Человечество веками преклонялось перед богоподобными людьми, которые не питали злобы к своим врагам. Я люблю стоять в национальном Джасперовском парке в Канаде, глядя на самые красивые горные вершины Запада – горный хребет, названный в честь Эдит Кейвелл, английской сиделки, которая как святая приняла смерть от расстрелявших ее немецких солдат 12 октября 1915 года. В чем же было ее преступление? В своем доме в Бельгии она кормила и выхаживала раненых французских и английских солдат, помогая им затем бежать в Голландию. Когда тем октябрьским утром английский священник вошел в ее камеру в военной тюрьме в Брюсселе, чтобы подготовить к смерти, Эдит Кейвелл произнесла две фразы, которые на века остались запечатленными в бронзе и граните: «Я понимаю, что одного патриотизма мало. У меня не должно быть ни к кому ненависти и обиды». Через четыре года ее тело было отправлено в Англию, где в Вестминстерском аббатстве ей были отданы последние почести. Однажды мне пришлось провести в Лондоне год. Я часто приходил к памятнику Эдит Кейвелл, что возле Национальной портретной галереи, читая ее бессмертные слова, отлитые в бронзе: «Я понимаю, что одного патриотизма мало. У меня не должно быть ни к кому ненависти и обиды».

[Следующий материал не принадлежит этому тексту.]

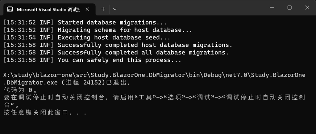 2)第二种更新数据库的办法,就是直接运行DbMigrator控制台程序

Верный способ простить и забыть своих врагов – перестать заниматься только собой. Тогда встречающиеся на жизненном пути обиды и враги не будут трогать нас, так как нас не будет беспокоить ничто, кроме нашего возвышенного дела. В качестве примера расскажу об одном драматическом событии, произошедшем в сосновом лесу штата Миссисипи в 1918 году. Суд линча! Должны были линчевать черного учителя и проповедника Лоуренса Джонса. Несколько лет назад я выступал перед ученическим советом школы Пейн-Вудс, которую основал Лоуренс Джонс. Сегодня эта школа известна по всей стране, но событие, о котором я веду речь, произошло задолго до этого. Оно случилось в тяжкие дни начала Первой мировой войны. По центральной части штата Миссисипи поползли слухи, что немцы поднимают черное население на восстание. Лоуренс Джонс, как я уже сказал, был черным, и его обвинили в помощи в организации восстания. Группа белых, стоявших недалеко от церкви, случайно услышала, как Лоуренс Джонс, обращаясь к своей пастве, сказал: «Жизнь – это битва, в которой каждый черный должен вооружиться, чтобы биться за свое выживание и успех».
«Битва!» «Вооружиться!» Довольно! Ночью эти возбужденные молодые люди собрали толпу, связали проповедника, целую милю волокли его по пыльной дороге, затем, взгромоздив на кучу хвороста, зажгли спички и уже готовы были повесить над горящим костром, когда кто-то вдруг крикнул: «Прежде чем сгореть, пусть произнесет одну из своих пустых речей! Говори! Говори!» И Лоуренс Джонс, стоя на груде хвороста с веревкой на шее, говорил, чтобы спасти свою жизнь и свое дело. В 1907 году он закончил университет Айовы. Из-за честности, прилежания и музыкальных способностей его любили как сокурсники, так и профессора. Закончив университет, он отказался от предложения менеджера одного отеля взять его партнером в свое дело, а также от предложения богатого мецената, пожелавшего спонсировать его музыкальное образование. Почему? Потому что на него снизошло озарение. Его так вдохновила биография Букера Т. Вашингтона, что он решил посвятить свою жизнь просвещению и обучению бедных и безграмотных представителей своей расы. Поэтому он отправился в самый Богом забытый уголок Юга Америки – глухое местечко в 25 милях от Джексона в штате Миссисипи. Заложив свои часы за доллар и шестьдесят пять центов, он основал школу прямо под открытым небом, где партами служили пни и бревна. Лоуренс Джонс рассказал разъяренной толпе, желавшей его линчевать, что ему действительно пришлось сражаться за то, чтобы обучить тех неграмотных детей быть хорошими фермерами, механиками, поварихами и домработницами. Он рассказал также о тех белых людях, которые помогали ему бороться за открытие школы Пайн-Вудс. Эти люди дали ему землю, бревна, свиней, коров и деньги, чтобы помочь в его нужном деле.
Когда позже Лоуренса Джонса спросили, испытывал ли он ненависть к людям, тащившим его тогда связанным по дороге и собиравшимся сжечь на костре, он ответил, что был слишком поглощен мыслями о своем деле, чтобы ненавидеть. Он был слишком занят возвышенным делом. «У меня не было времени ни ругаться, – сказал он, – ни сожалеть о чем бы то ни было, и ни один человек на земле не заставит меня пасть так низко, чтобы ненавидеть его».